* [Work order] In the listing that follows, find the line with "Ghostly Candy Corn", then copy exactly from it through the line with "Middenbruin suede heren", leaving out every picture.

* [Dataset excerpts]
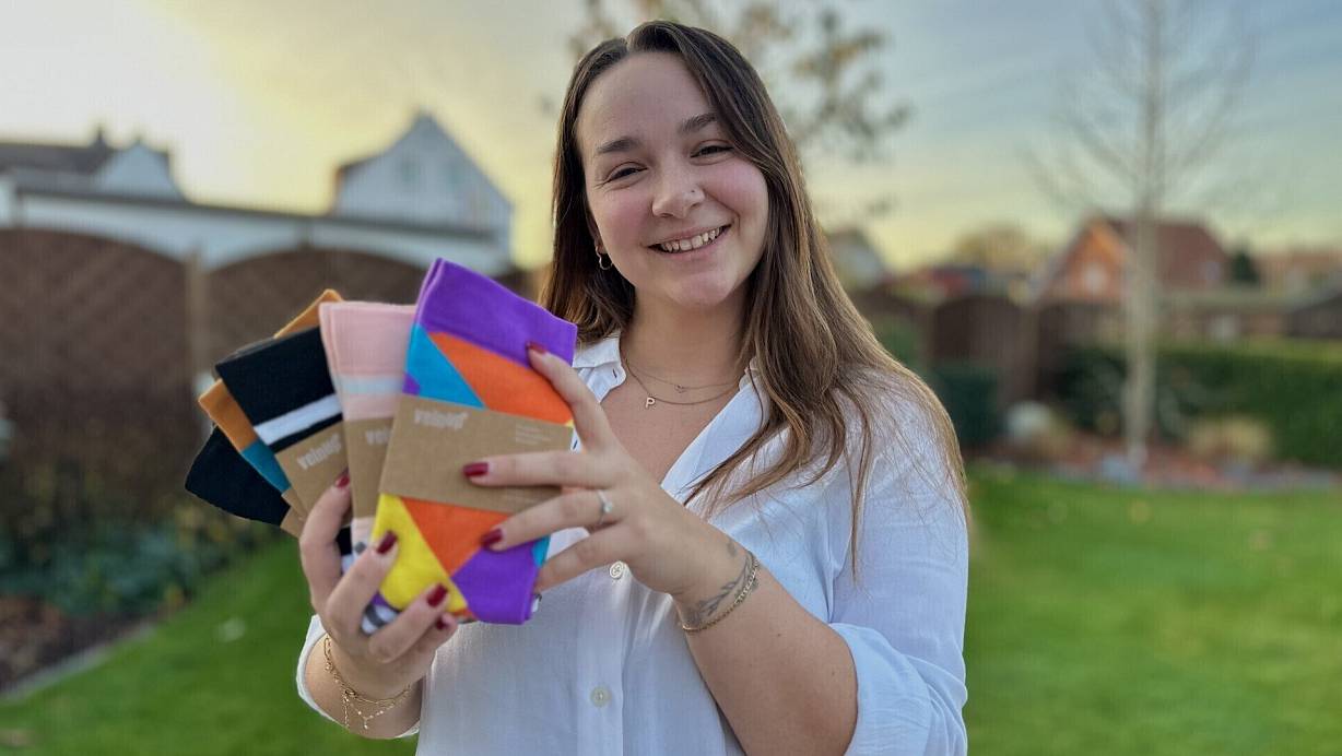 Selina Tacke aus Löhne bietet mit ihrem Start-Up "VEIN UP" bunte Kompressionstrümpfe an. | © Danielle Dörsing
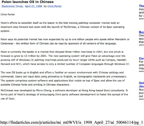 Back in 1998, my software, "McChinese" which was featured on the PSION Plc website. Although the original press release is no longer available online, I was able to locate a record of it in the Electronics Times.
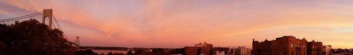 Panorama of a spectacular pink sunrise spanning across the sky to Manhattan where we greet the pope today.
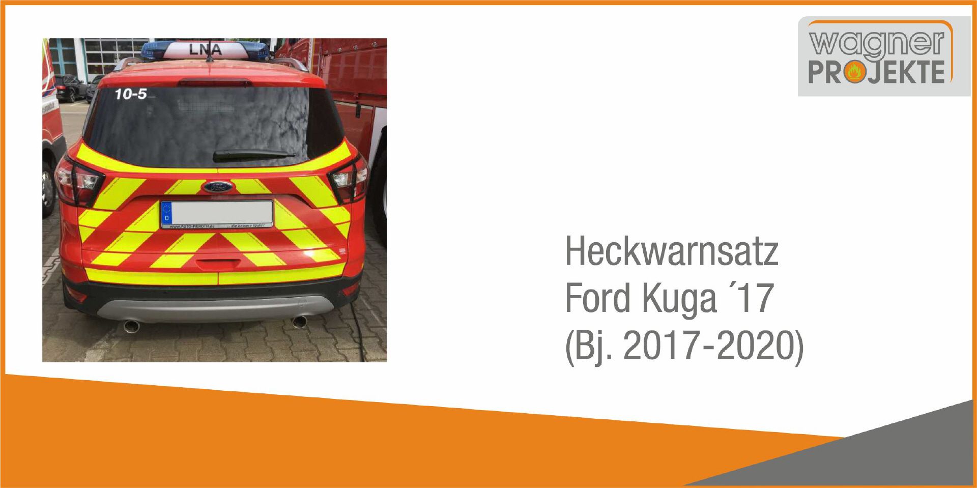 Heckwarnmarkierungssatz, verfügbar in den Farben rot/weiß reflektierend und rot/lime reflektierend. Umfang mehrteilig gem. Abbildung - bei lime/rot: optional mit Konturstreifen oben und unten lime.
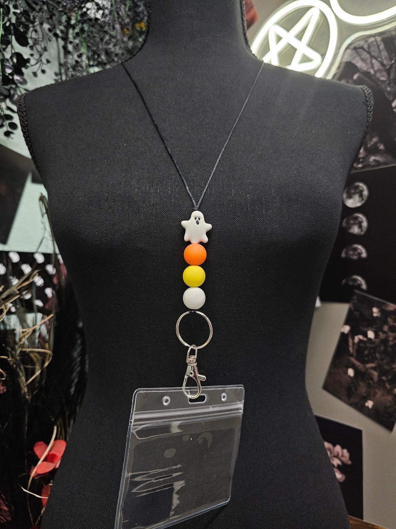 Ghostly Candy Corn Beaded Lanyard - 19 inches long
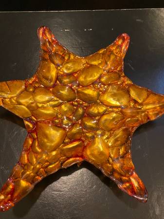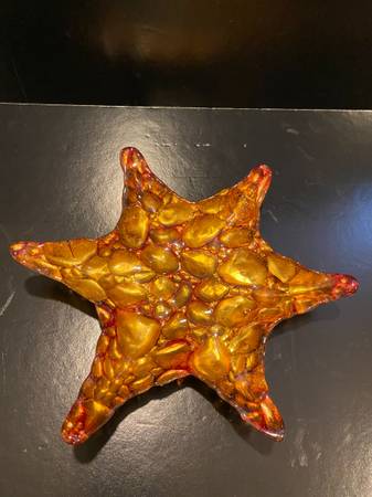 Star Shaped Glass Plate Gold / Orange Handcrafted 10” across in excellent shape
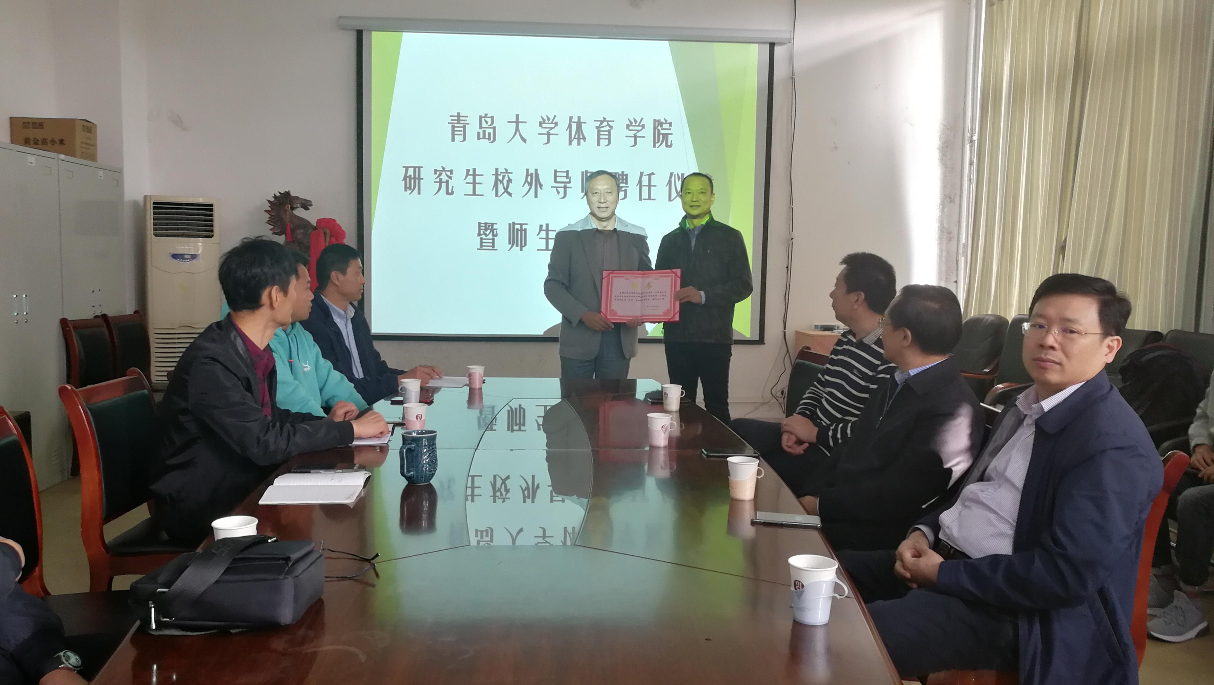 首先进行了校外导师受聘仪式,由管泽毅院长为新加盟的青岛市教育科学研究院孙金宝颁发聘书,新聘为beat365亚洲体育官方网站体育教育专业硕士研究生校外导师。
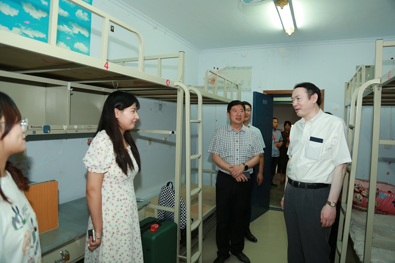 、相关专业学院等单位负责同志陪同下,深入嵩山路校区迎新报到现场,看望前来报到的新生和家长,慰问参加迎新工作的师生员工。
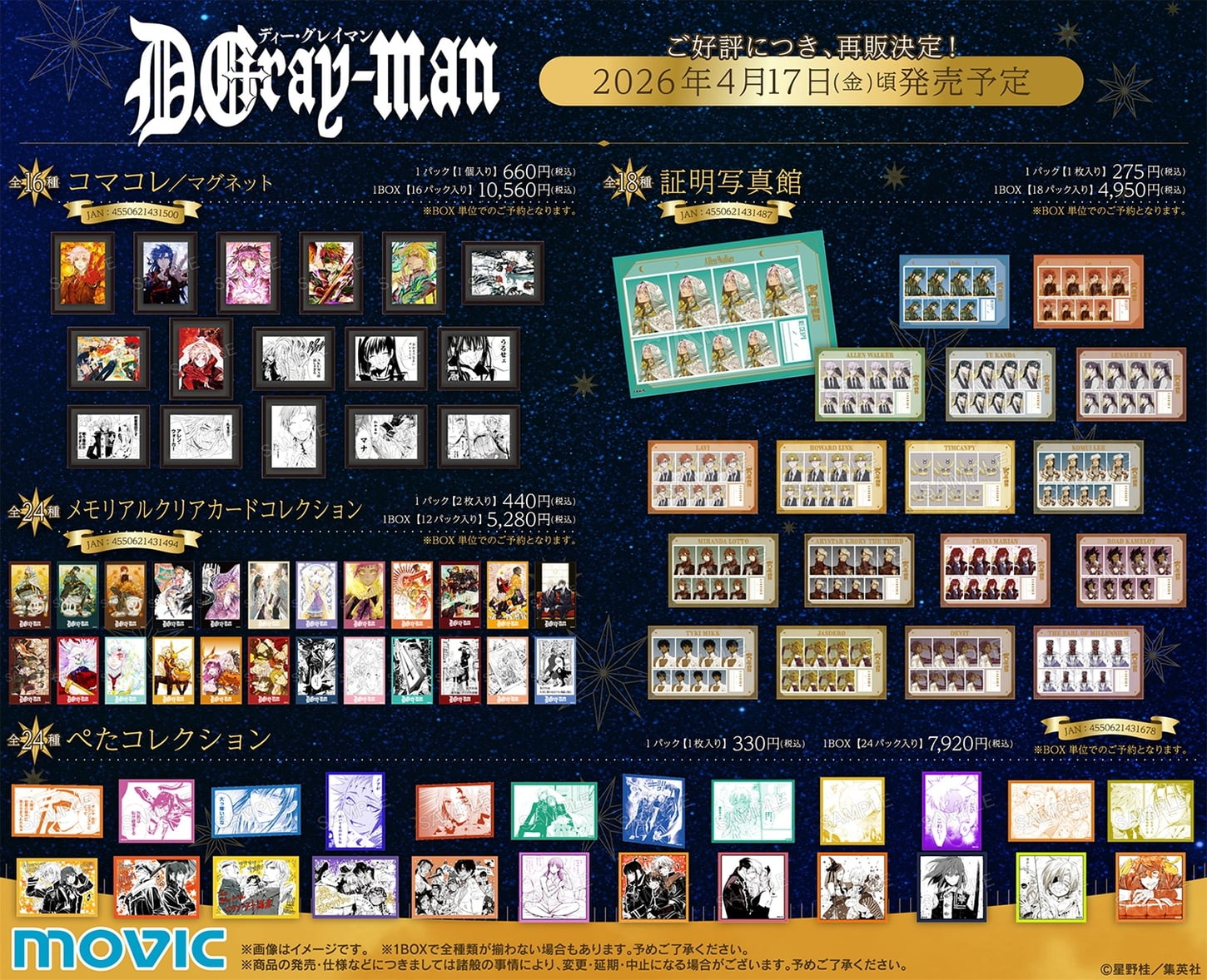『ジャンプSQ.RISE』で連載中の星野桂先生による人気漫画『D.Gray-man』より、2025年10月の「星の祝祭フェア」で反響を呼んだ描き下ろしグッズが、2026年4月に待望の再販決定。
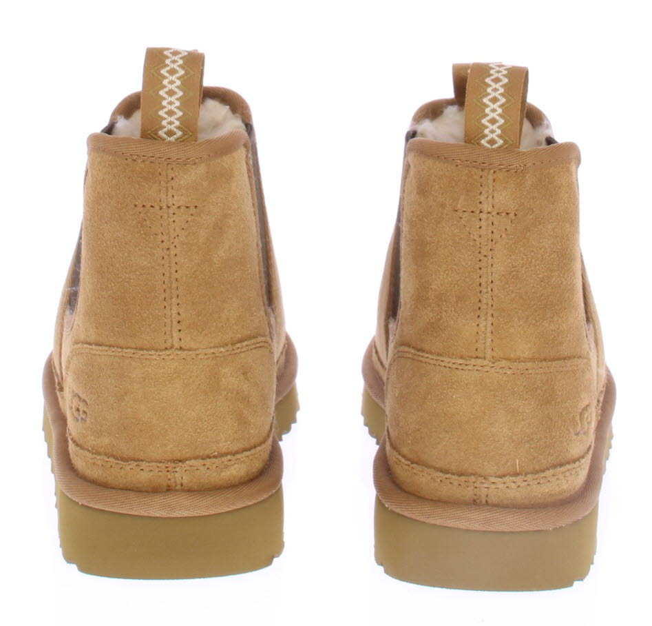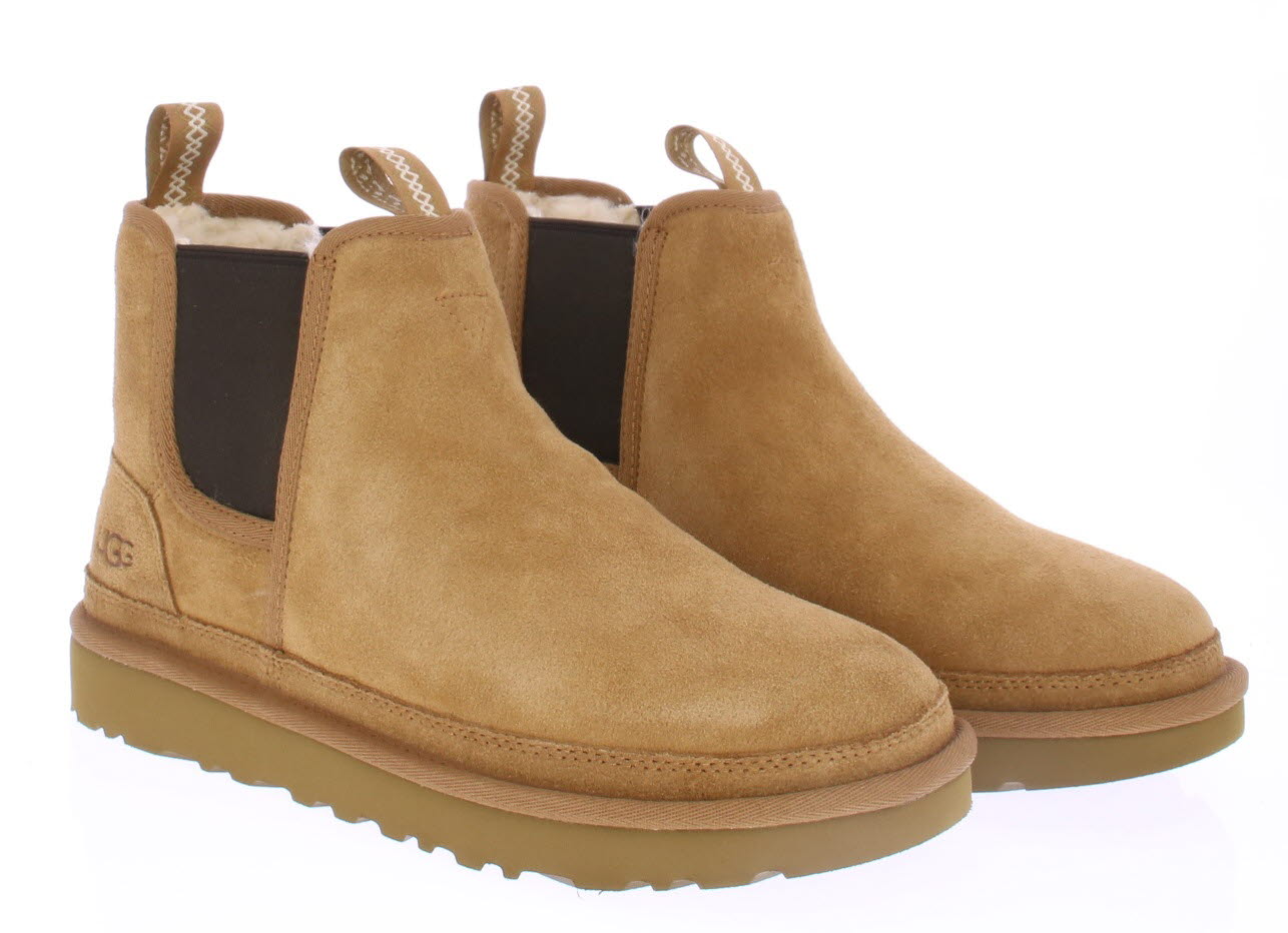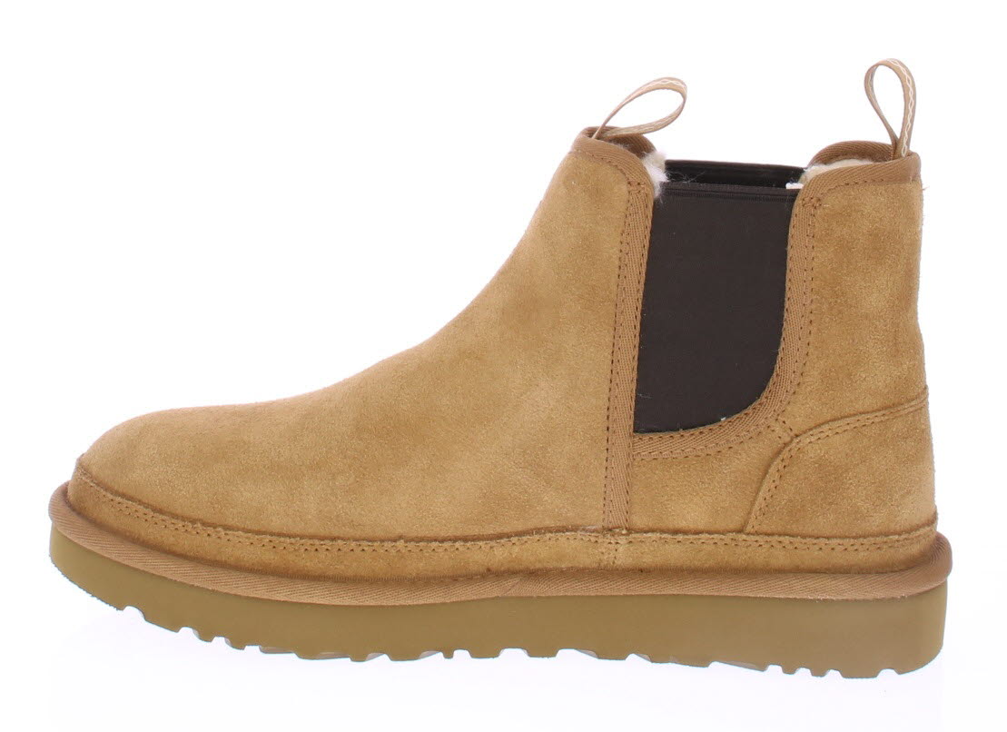 Middenbruin suede heren Chelseaboot van UGG. De artikel naam van deze schoen is 'Neumel Chelsea Chestnut.' Deze schoen heeft een voering van schapenvacht en is daarmee perfect voor winters weer. De schoen heeft twee treklussen aan de schacht voor een gemakkelijke instap.
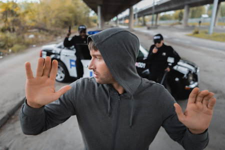 hooded offender with raised hands looking away with blurred multicultural police officers on background on urban street
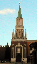 Никольская башняНикольская башня Кремля, проездная, на восточной стене, выходит на Красную площадь близ Исторического музея. Построена в 1491 году итальянским архитектором Пьеро Антонио Солари [название от бывшего Николаевского (Никольского) греческого монастыря]. Квадратная в плане, имела три боевых яруса, верхняя площадка и отводная стрельница бойницы навесного боя (машикули). По бокам отводной стрельницы каменные бастионы (срыты в начале XIX века). Увенчана шатром в конце XVIII века, в 1806 году перестроена по проекту архитектора К.И. Росси в готическом стиле. В 1812 верх Никольской башни взорван отступавшими французами, восстановлен в 1816 по проекту архитектора О.И. Бове. Башня сильно пострадала от артиллерийского огня в дни Октябрьских боев 1917 и была восстановлена по личному указанию В.И. Ленина (архитектор Н.В. Марковников). В 1935 на башне установлена звезда. Реставрирована в 1946-50 и 1973-74. Современная высота до звезды 67,1 метра, со звездой 70,4 метра. «Москва» . Энциклопедия. М.: СЭ, 1980
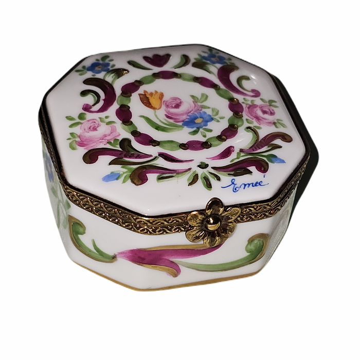 White Floral Hexa Square Limoges Box for Elegant Gifting
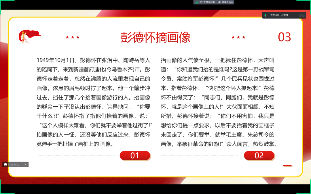为学习贯彻党的二十大精神,深入贯彻落实习近平总书记关于“三农”工作的重要论述,齐鲁师范学院物理与电子工程学院“深耕红色精神传播团”的队员们在各社区参观与学习了各地的红色党史精神,并由队长组织腾讯会议一起学习了20篇党史小故事。

* [Solution to the exercise]
 Ghostly Candy Corn Beaded Lanyard - 19 inches long
 Star Shaped Glass Plate Gold / Orange Handcrafted 10” across in excellent shape
 首先进行了校外导师受聘仪式,由管泽毅院长为新加盟的青岛市教育科学研究院孙金宝颁发聘书,新聘为beat365亚洲体育官方网站体育教育专业硕士研究生校外导师。
 、相关专业学院等单位负责同志陪同下,深入嵩山路校区迎新报到现场,看望前来报到的新生和家长,慰问参加迎新工作的师生员工。
『ジャンプSQ.RISE』で連載中の星野桂先生による人気漫画『D.Gray-man』より、2025年10月の「星の祝祭フェア」で反響を呼んだ描き下ろしグッズが、2026年4月に待望の再販決定。
 Middenbruin suede heren Chelseaboot van UGG. De artikel naam van deze schoen is 'Neumel Chelsea Chestnut.' Deze schoen heeft een voering van schapenvacht en is daarmee perfect voor winters weer. De schoen heeft twee treklussen aan de schacht voor een gemakkelijke instap.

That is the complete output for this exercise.